EXERCISE REQUIREMENTS: With pictures excluded, repeat exactly the lines from the one containing "如果您已经将微点主动防御软件" through the last line of the material below.

◇ ◇ ◇

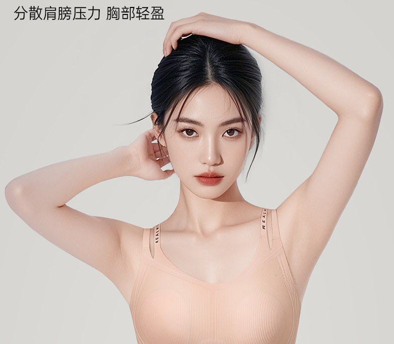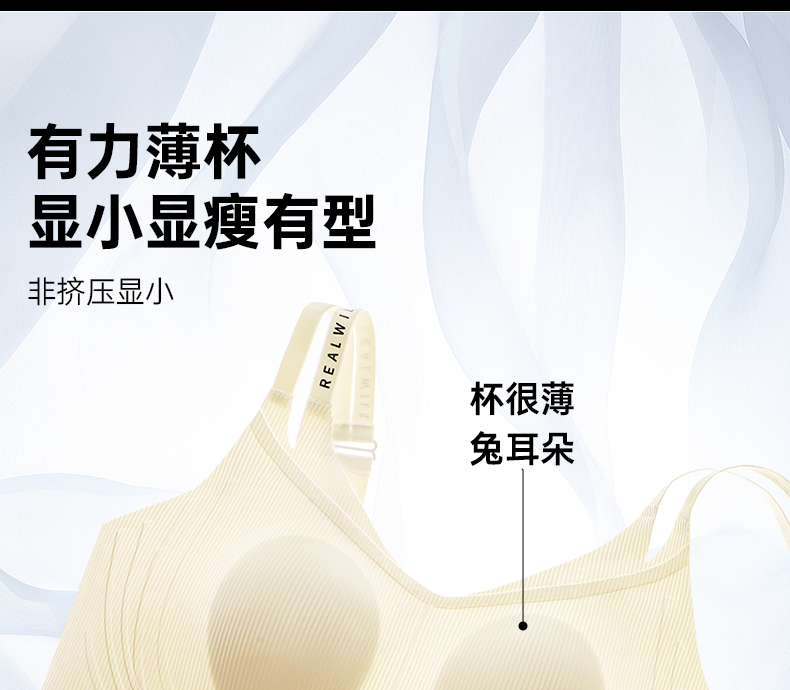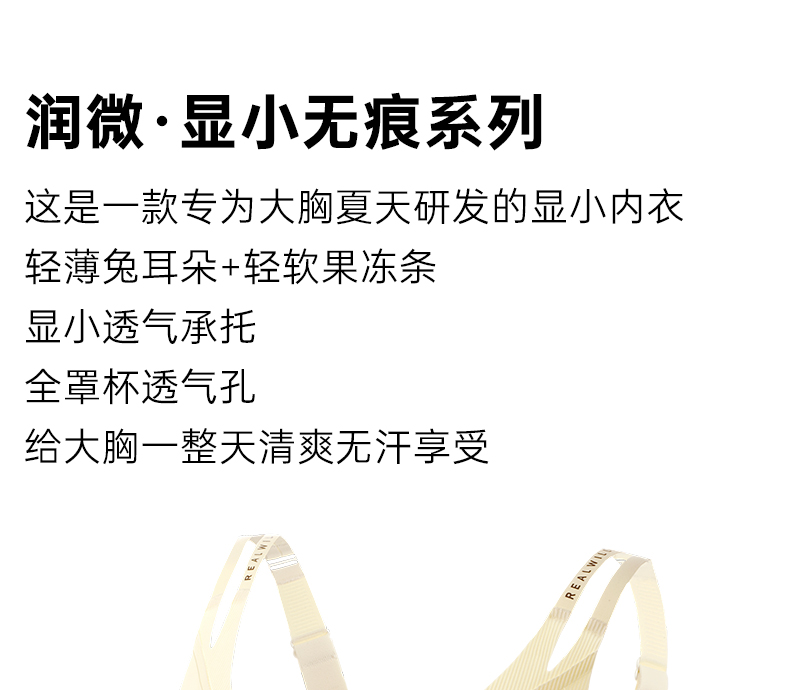 D1-【B-E】润微胸大显小内衣女显瘦大码无痕细肩带收副乳调整型凉感文胸薄款 氧气夏沫
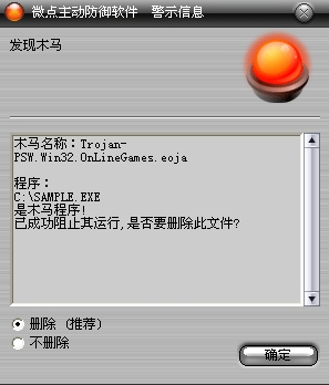 如果您已经将微点主动防御软件升级到最新版本,微点将报警提示您发现木马"Trojan-PSW. Win32.WOW.qzy”,请直接选择删除(如图2)。
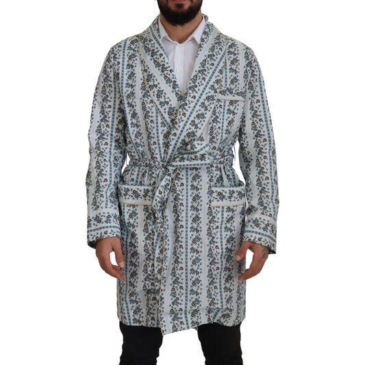 Dolce & Gabbana Blue Floral Cotton Robe Coat Jacket
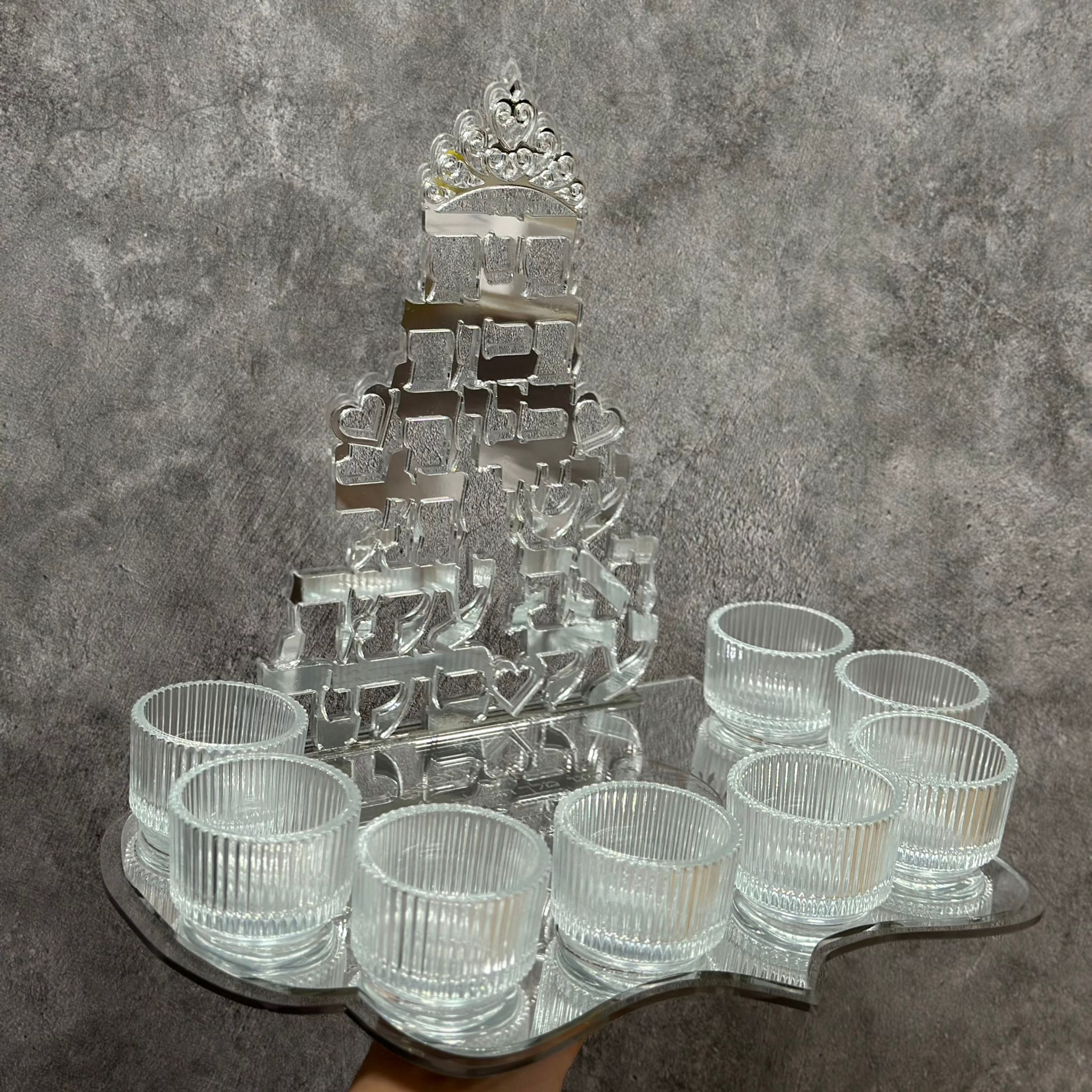 מעמד הדלקת נרות 8 קנים בחיתוך וחריטת לייזר עם חיתוך שם אישי + ברכת " רבות בנות "
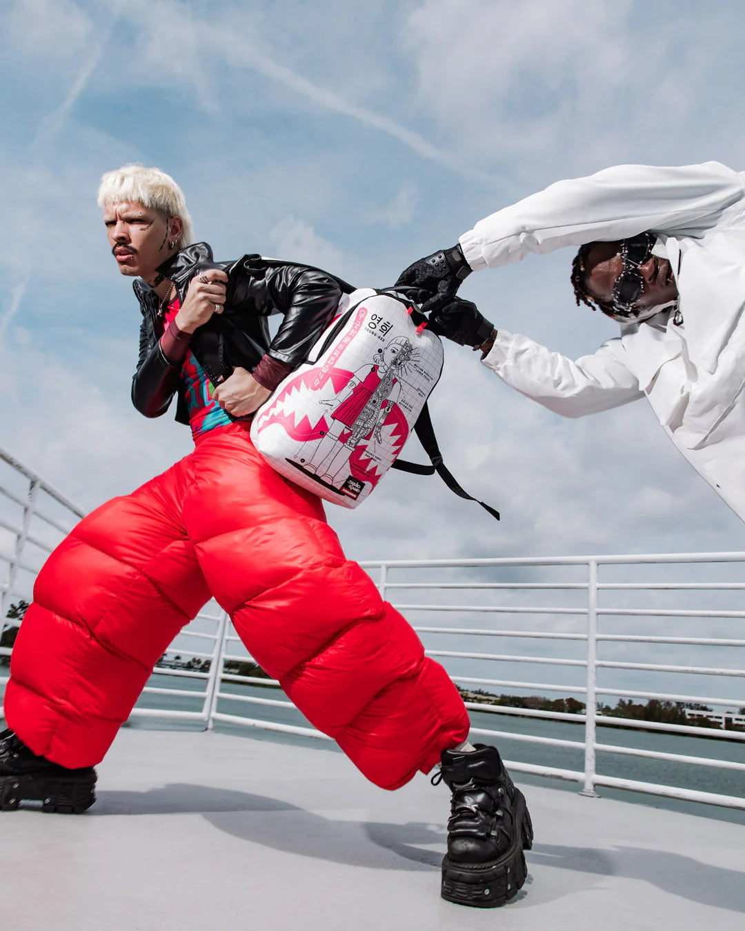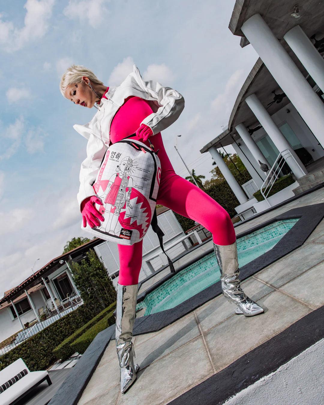 Introducing the Sprayground's Squid Game Collab Robot Girl Backpack, a striking fusion of art and functionality that seamlessly integrates into any wardrobe. Elevate your style with this unique backpack.
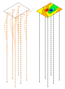 각 자동적으로 생성된 모델에서, 설계 응답 스펙트럼 등가 지진 기록들은 동시에 3방향에서 기둥을 세울 기반에 적용되었다. 이것에는 Load Curve를 이용한 Prescribed Acceleration 하중이 사용되었다.
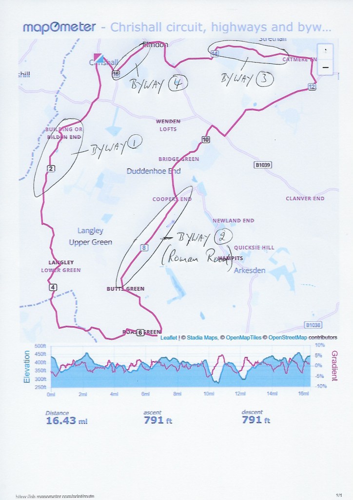 Finally, Byway no. 4 was meant to take us directly from Elmdon to Chrishall, which it did for Rod who was out front with hearing aids turned off / not working, but the remaining group decided to take Graham’s detour to the north end of Chrishall through the infamous ‘big dipper’ and soft gravel – all because Martin reported a tree down on the intended route which Charles had promised to chain-saw away before heading off on his sailing trip. But he hadn’t – the tree was still there but Rod managed to get his e-bike around it somehow and got back to The Red Cow long before the others.
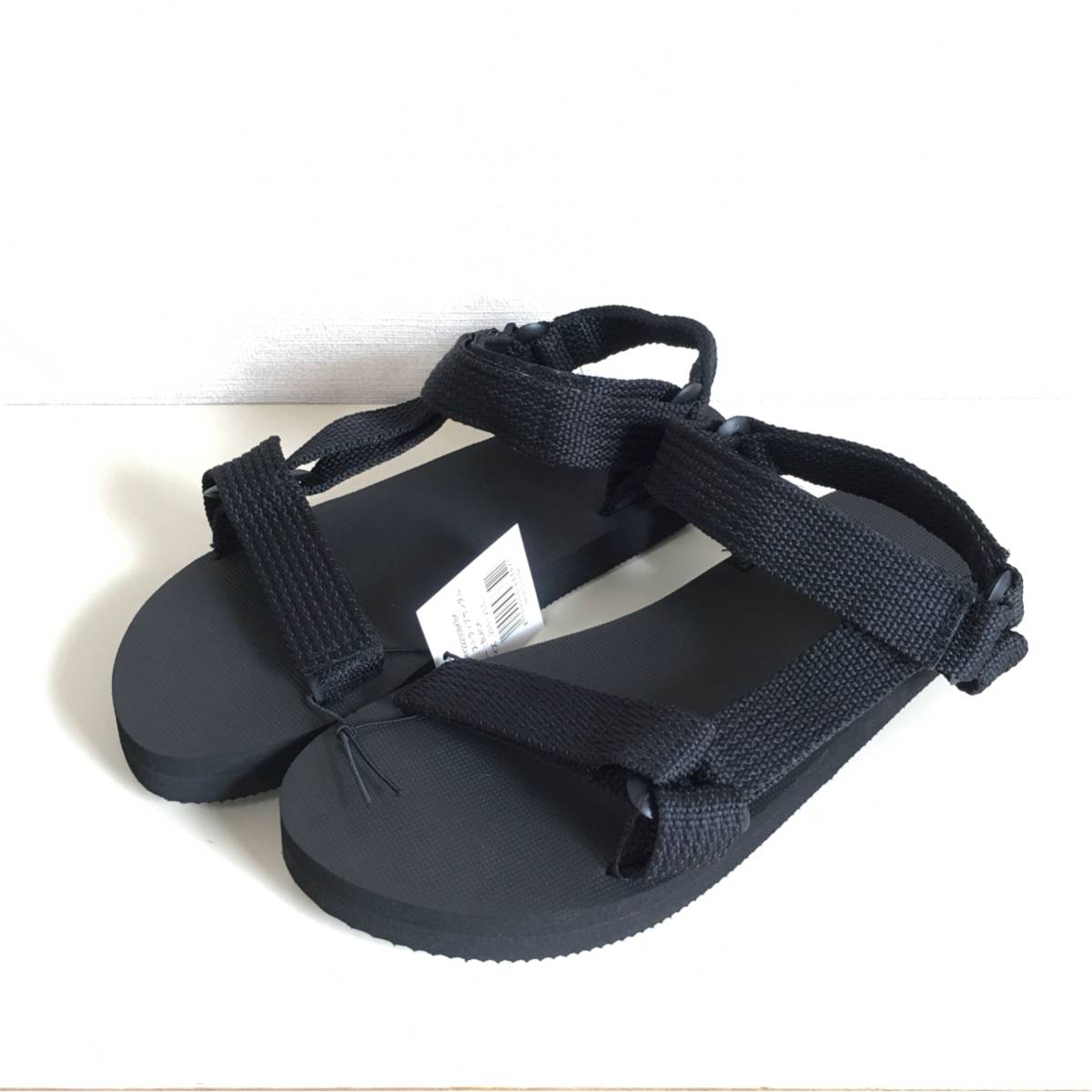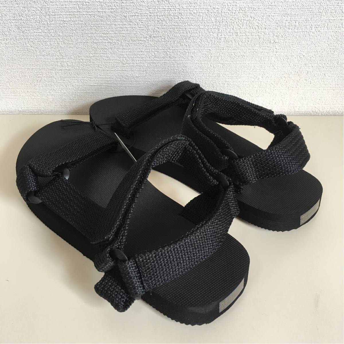 新品 ストラップサンダル 黒黒 23.5~24cm ノーブランド テバ スポーツサンダル ベナッシ benassi シャワーサンダル teva ベルクロ スポサン

◇ ◇ ◇

ANSWER SPACE:
 如果您已经将微点主动防御软件升级到最新版本,微点将报警提示您发现木马"Trojan-PSW. Win32.WOW.qzy”,请直接选择删除(如图2)。
 Dolce & Gabbana Blue Floral Cotton Robe Coat Jacket
 מעמד הדלקת נרות 8 קנים בחיתוך וחריטת לייזר עם חיתוך שם אישי + ברכת " רבות בנות "
 Introducing the Sprayground's Squid Game Collab Robot Girl Backpack, a striking fusion of art and functionality that seamlessly integrates into any wardrobe. Elevate your style with this unique backpack.
 각 자동적으로 생성된 모델에서, 설계 응답 스펙트럼 등가 지진 기록들은 동시에 3방향에서 기둥을 세울 기반에 적용되었다. 이것에는 Load Curve를 이용한 Prescribed Acceleration 하중이 사용되었다.
 Finally, Byway no. 4 was meant to take us directly from Elmdon to Chrishall, which it did for Rod who was out front with hearing aids turned off / not working, but the remaining group decided to take Graham’s detour to the north end of Chrishall through the infamous ‘big dipper’ and soft gravel – all because Martin reported a tree down on the intended route which Charles had promised to chain-saw away before heading off on his sailing trip. But he hadn’t – the tree was still there but Rod managed to get his e-bike around it somehow and got back to The Red Cow long before the others.
 新品 ストラップサンダル 黒黒 23.5~24cm ノーブランド テバ スポーツサンダル ベナッシ benassi シャワーサンダル teva ベルクロ スポサン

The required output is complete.